You may look at this books, and say to yourself cynically “Oh no! not another trite self-help book!” This isn’t self help; this isn’t spiritual charlatanism, disguised as exalted narcissism. Twelve Steps to a Compassionate Life is really less about yourself, and more about how you’re interacting with others, and the challenge of trying to think comprehensively about the complicated plights and situations that other people are in.
**As Fields of Blood, Karen Armstrong’s newest book is on the horizon of “the soon-to-be-released” category, I will be sharing with you all my own spiritual musings, examinations, and book recommendations, as a spiritual wanderer. This is not about what religion you are, or ideology, or what is the correct theology/doctrines/ set of beliefs to follow to escape eternal hell-flames. These posts are for everyone, and anyone that has ever felt alone, or as an outsider, for feeling like your spiritual imagination feels too wide, too expansive, at times, when sitting in either a church, mosque, synagogue, etc.
**Maybe, your particular religious group actually equips you with ways to be more compassionate, because there are many wonderful examples of religious institutions that are actively trying to be more balanced with offering both spiritual/religious modes of engaging with the greatest questions that plague the human condition.**
Until October 28, 2014 (release of Fields of Blood) I will be reviewing books, across a spectrum of religions, that have helped me greatly, as a spiritual wanderer. And since Karen Armstrong’s newest book discusses the issue of whether religion can be solely blamed for all violence in the world (a most ridiculous, facile argument), I think this is an issue to discuss, in terms of discussing issues of spirituality. Why is it that mysticism, ethical things achieved by some religious groups (like the Quakers, etc.) are too often ignored in the didactic popular media we have, that always wishes to reduce the complexity of almost all issues?
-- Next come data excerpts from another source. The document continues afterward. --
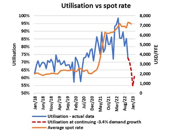 Als we het scheepsgebruik berekenen door de capaciteit en de vraag op de head-haul op elkaar af te stemmen (ervanuit gaand dat de vraag in hetzelfde tempo van -3,4% blijft dalen), en dit vervolgens vergelijken met de spotprijzen, krijgen we de gegevens in de tabel hierboven.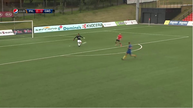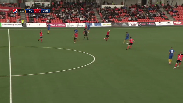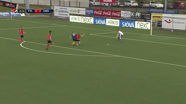 - Eftir óhreint uppspil Fylkis á 17 mínútu vinna Gróttumenn boltann og sennilega er sending á Pétur misheppnuð sem skapar misskilning milli Helga Vals og Orra og boltinn berst til Kristófers.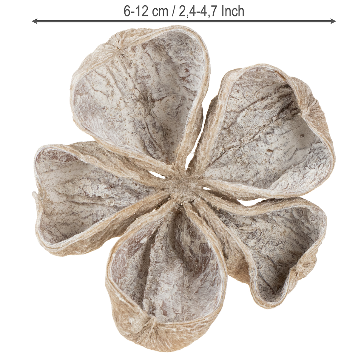 Landlotus, umyty w kolorze białym, dostarczany jest w worku o łącznej ilości 50 sztuk. Każda główka kwiatu jest produktem naturalnym, co oznacza, że mogą występować różnice w fakturze wynikające z natury. Dzięki temu pojedyncze suszone kwiaty mają wielkość od 6 do 12 centymetrów.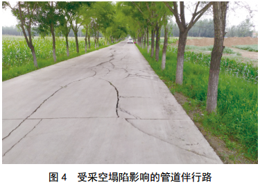 采空塌陷使輸氣管道工程的伴行路也出現(xiàn)拉張裂縫和錯(cuò)臺(tái),給進(jìn)行管道日常維護(hù)的車輛和人員通行造成困難(圖 4)。

Spiritual Practice #1- Letting Go of Controlled, Rigid Belief-
Tonight, lock yourself in your room, and give yourself a quiet space to think of any and all blasphemous thoughts that you can think of. Write them down, if you feel comfortable, and try to make peace with them, by remembering that our minds are “limited,” our brains are wired to think of multiple angles and perceptions of things. Free up your religious imagination, and try not to worry about being damned for thinking silly things in your mind. It is your mind, and the benefit of this practice is really helping to strengthen the ability to empathize greater with others. If your brain is tightly wound with orthodoxies, and only thoughts of “my salvation,etc.,” you are neglecting the greater thought of your connection with other people, and the particular challenges other people face daily.